(Data items)
▶
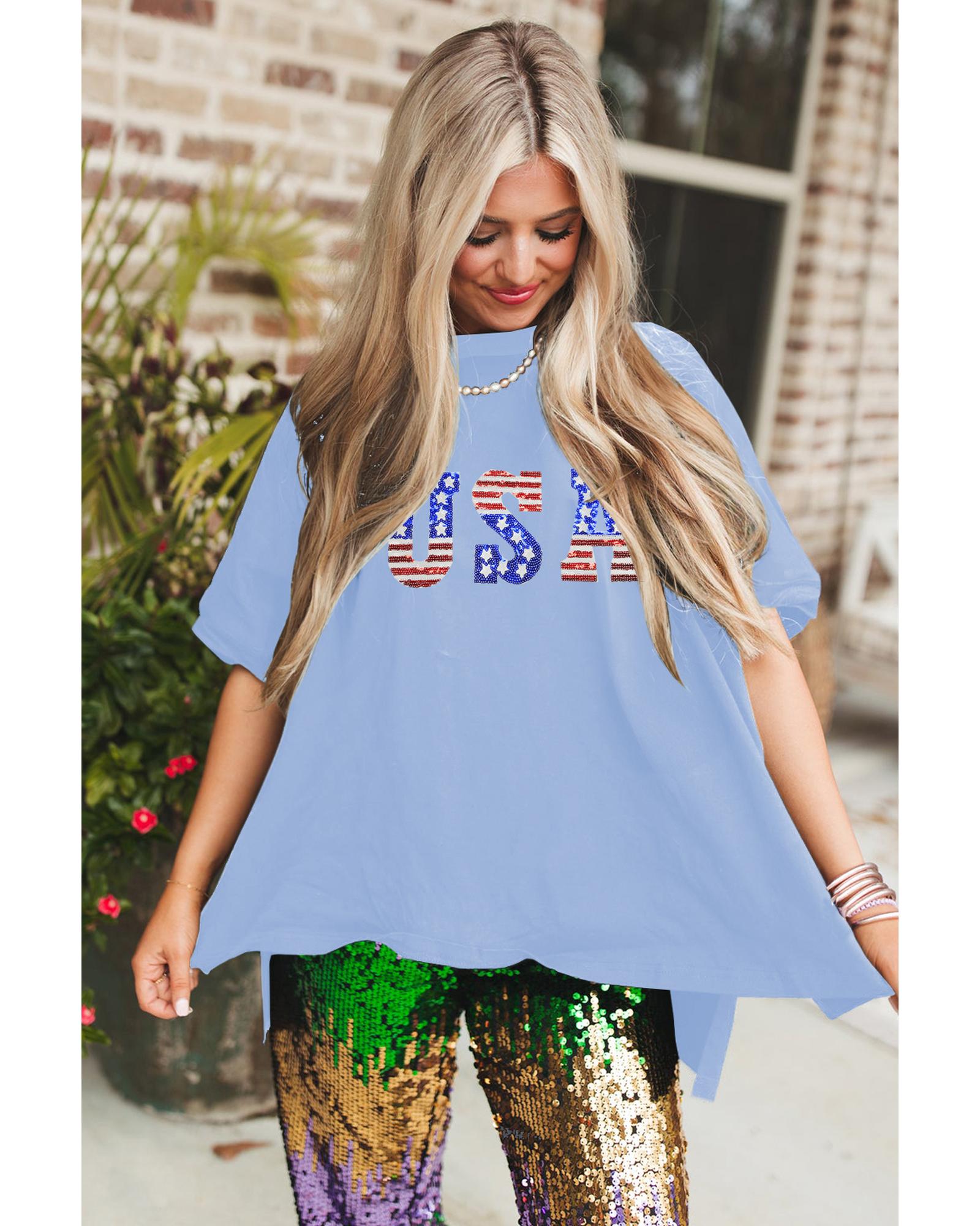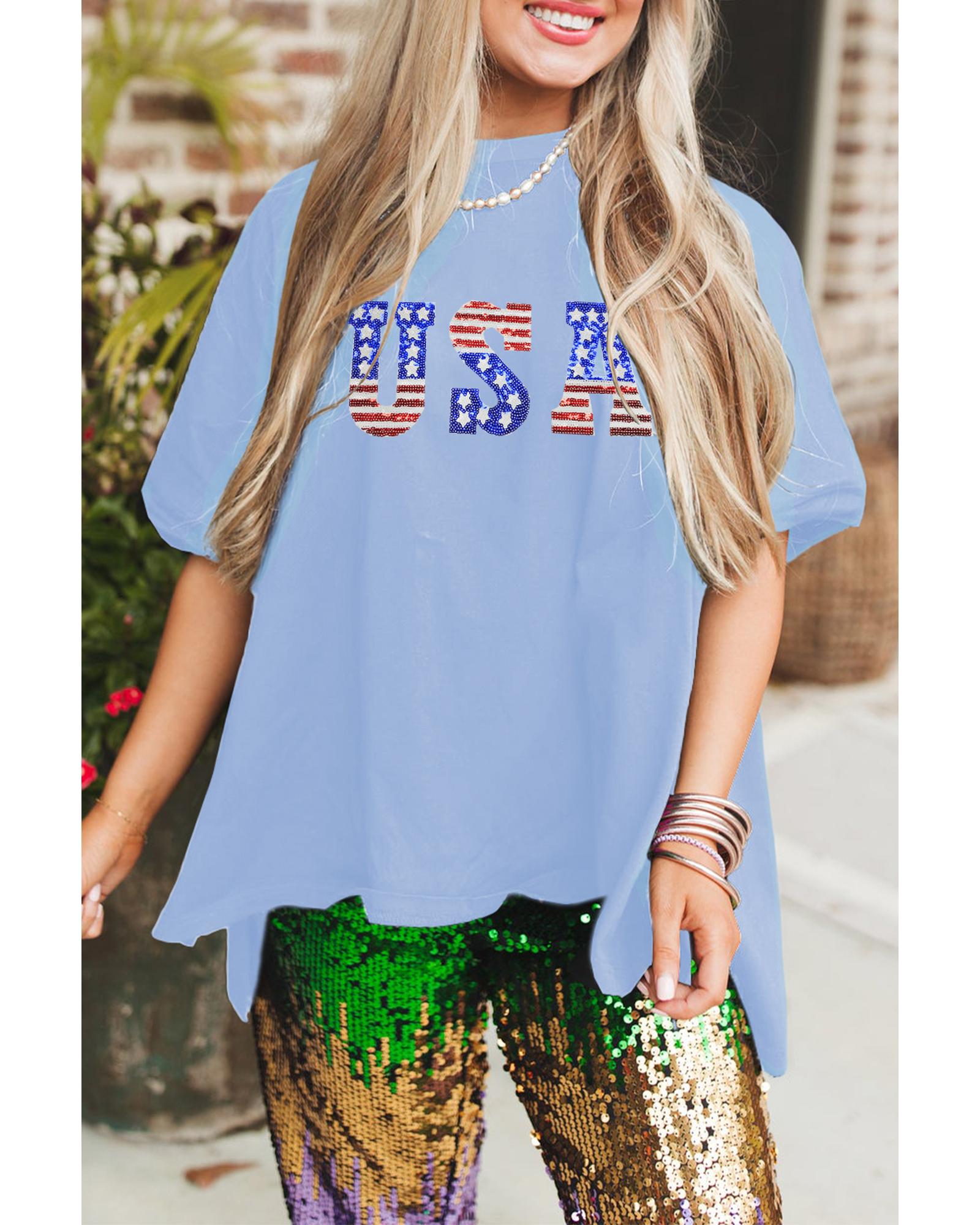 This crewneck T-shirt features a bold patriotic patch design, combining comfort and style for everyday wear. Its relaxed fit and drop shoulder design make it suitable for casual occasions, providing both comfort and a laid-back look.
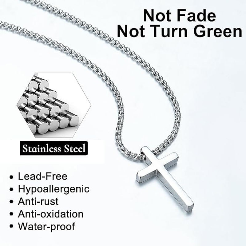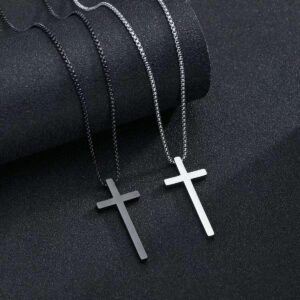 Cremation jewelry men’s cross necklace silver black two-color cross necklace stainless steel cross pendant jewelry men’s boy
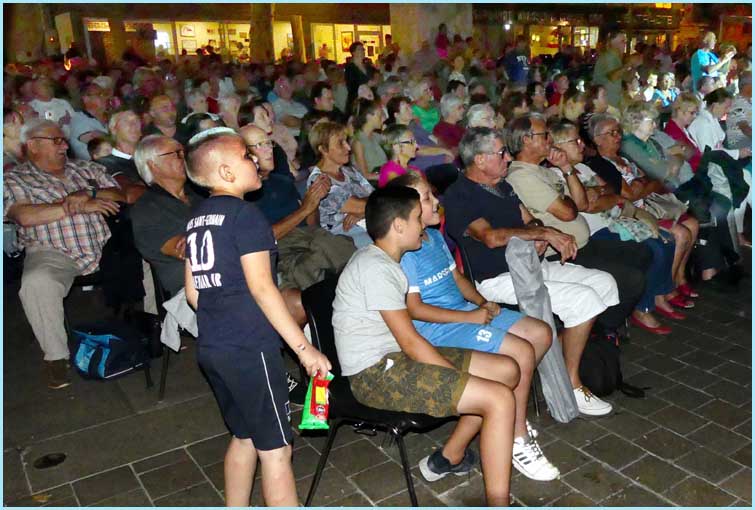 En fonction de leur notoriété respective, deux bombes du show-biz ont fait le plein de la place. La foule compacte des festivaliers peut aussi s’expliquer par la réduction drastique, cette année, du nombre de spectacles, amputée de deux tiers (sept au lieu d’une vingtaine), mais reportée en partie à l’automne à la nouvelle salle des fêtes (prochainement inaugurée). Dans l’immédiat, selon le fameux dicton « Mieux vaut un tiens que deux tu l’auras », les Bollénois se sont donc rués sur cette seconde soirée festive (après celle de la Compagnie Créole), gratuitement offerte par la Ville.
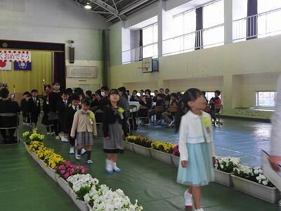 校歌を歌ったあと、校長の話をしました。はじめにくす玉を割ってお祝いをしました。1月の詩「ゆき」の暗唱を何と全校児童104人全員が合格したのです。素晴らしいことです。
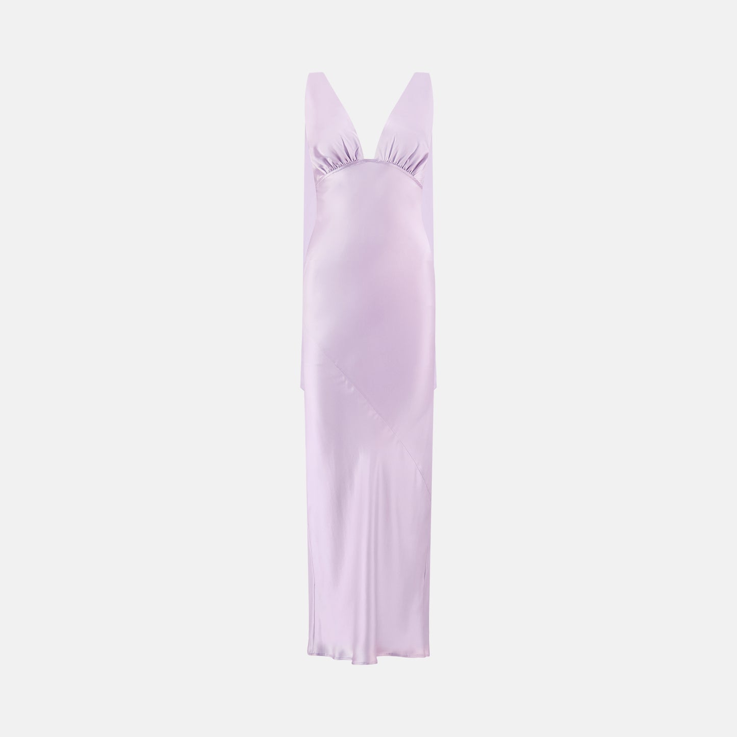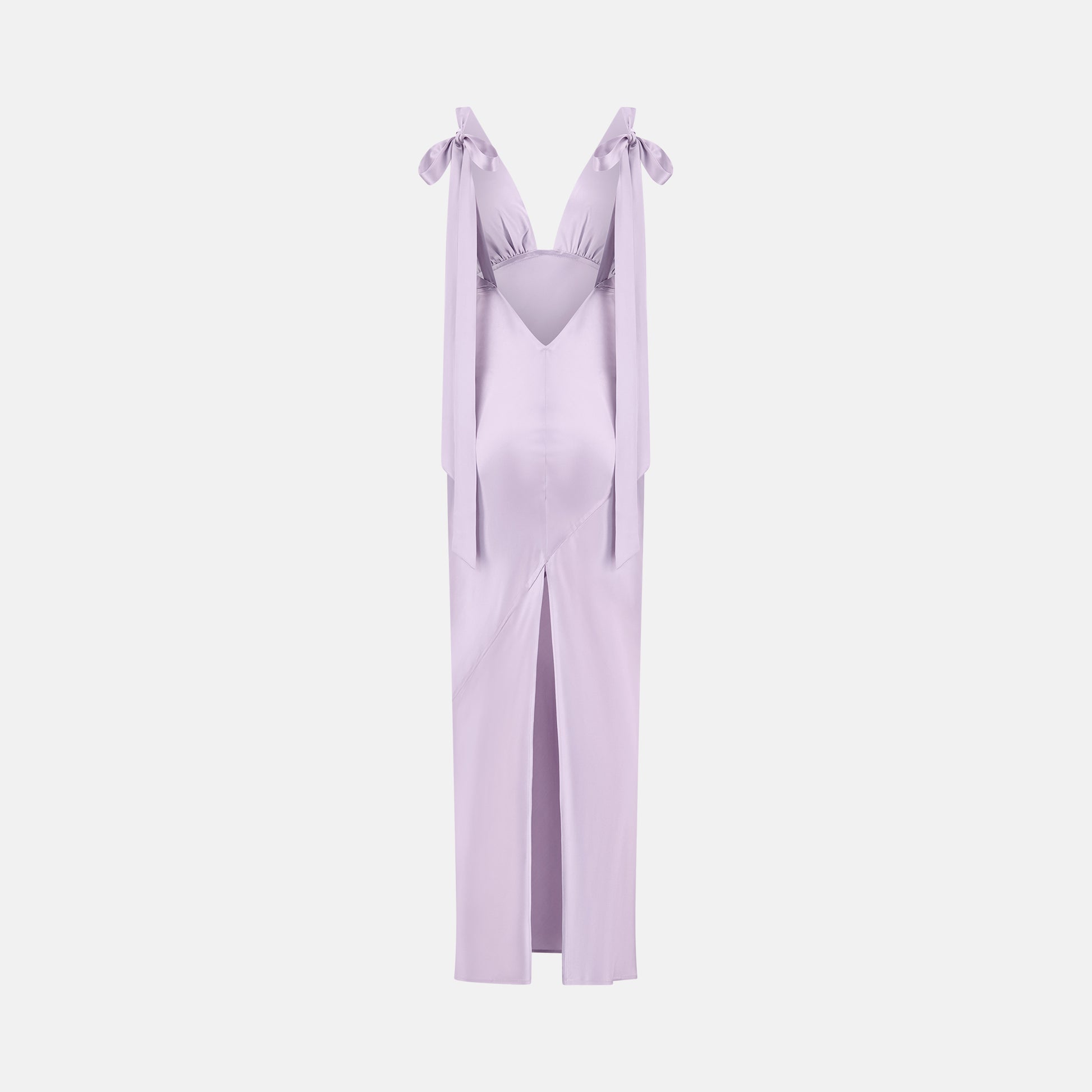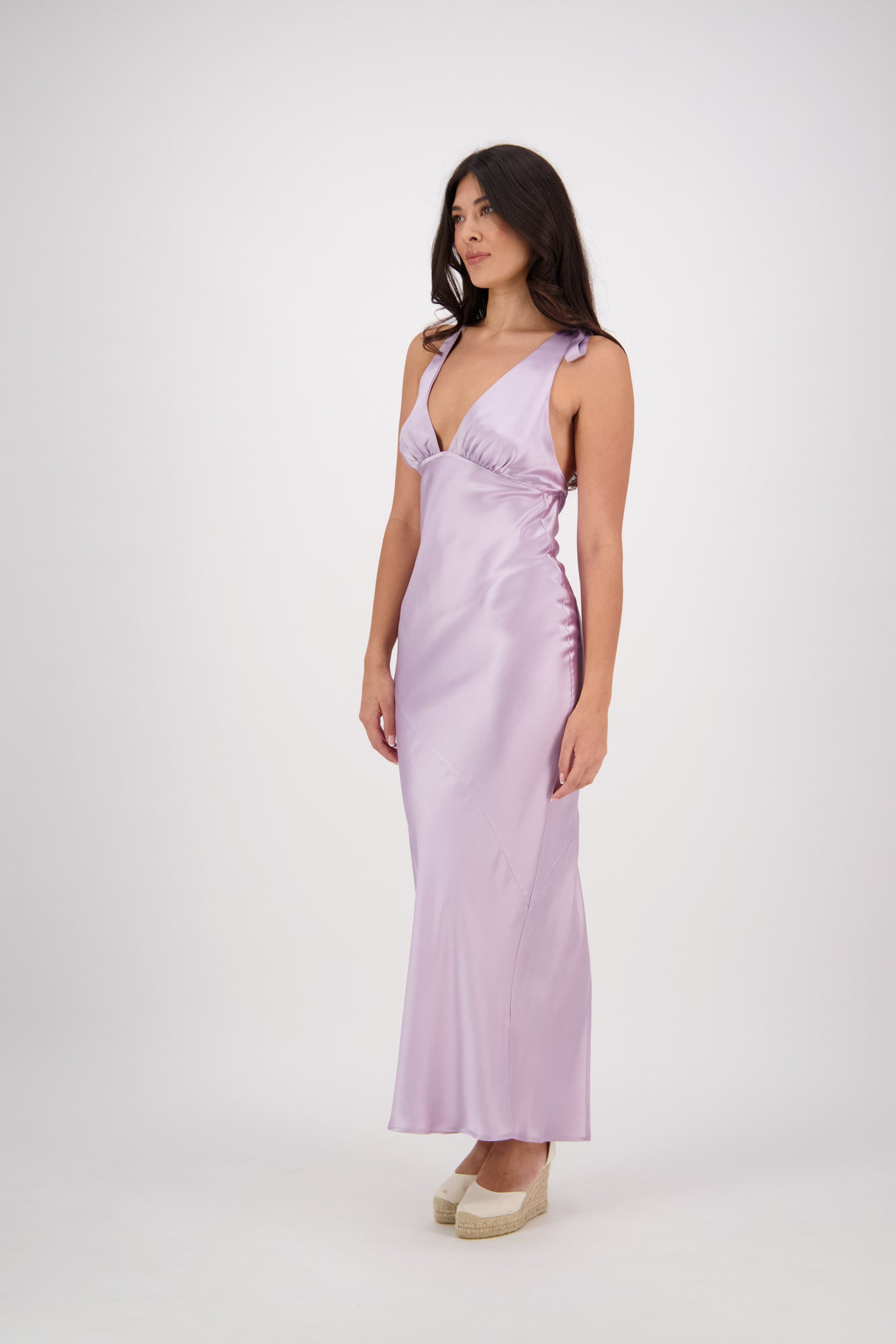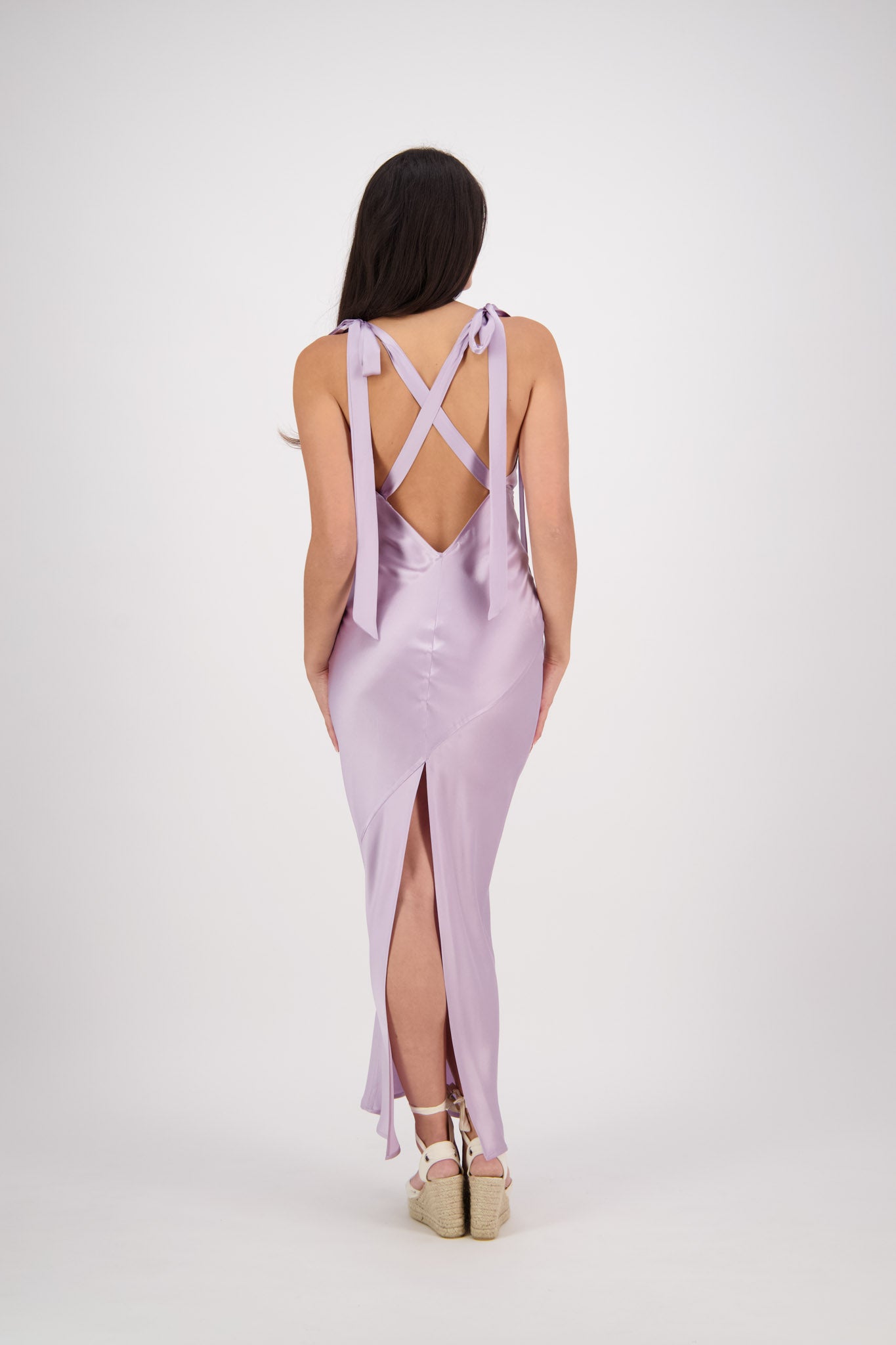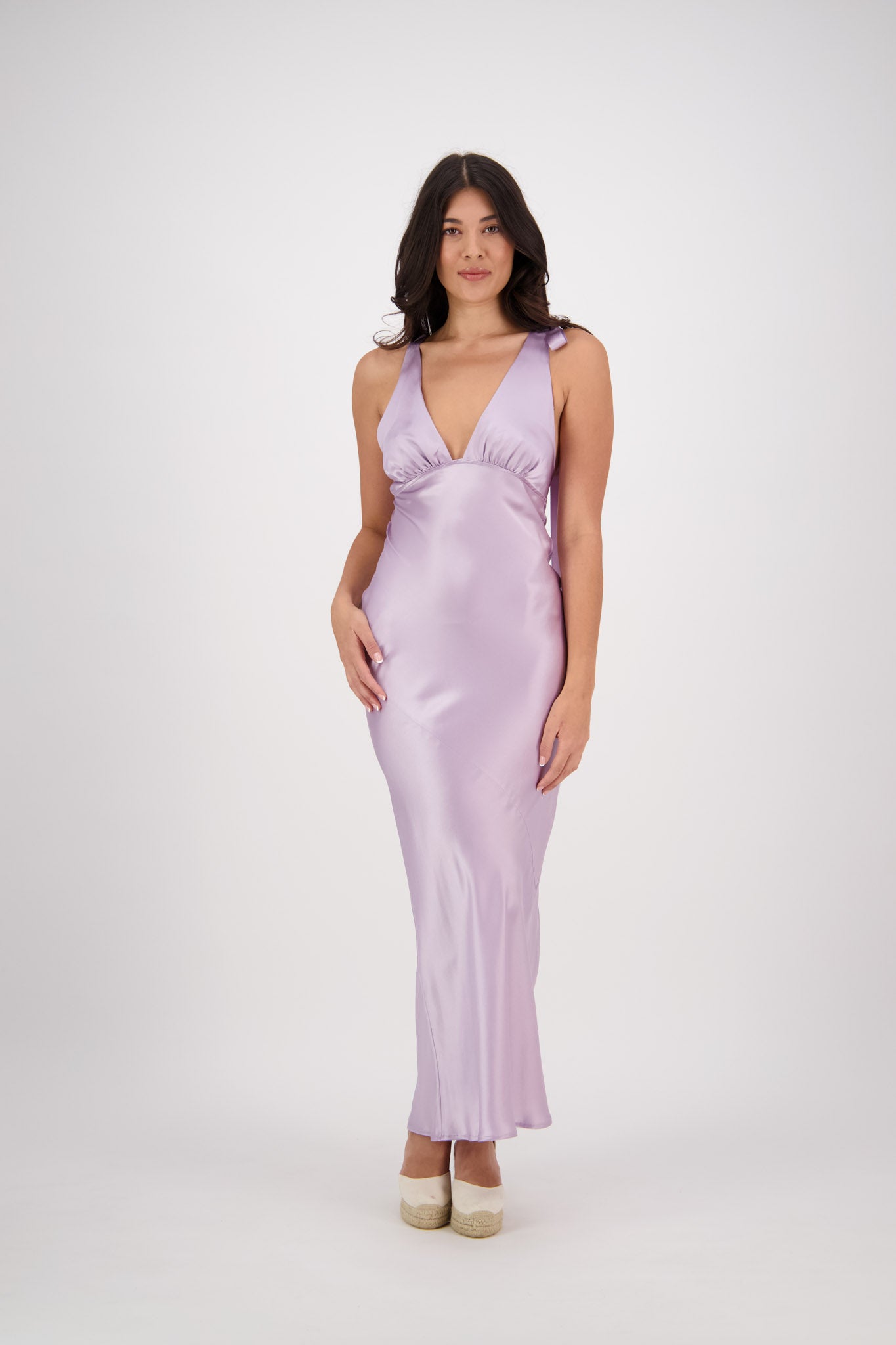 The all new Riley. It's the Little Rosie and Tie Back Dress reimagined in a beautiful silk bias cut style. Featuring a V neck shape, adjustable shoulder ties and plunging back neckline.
◀
_Your assignment_: Repeat the lines exactly, starting with the line that contains "校歌を歌ったあと、校長の話を" and ending with the last line of the entries. Keep both of those lines but no pictures.

_Written reply_:
 校歌を歌ったあと、校長の話をしました。はじめにくす玉を割ってお祝いをしました。1月の詩「ゆき」の暗唱を何と全校児童104人全員が合格したのです。素晴らしいことです。
 The all new Riley. It's the Little Rosie and Tie Back Dress reimagined in a beautiful silk bias cut style. Featuring a V neck shape, adjustable shoulder ties and plunging back neckline.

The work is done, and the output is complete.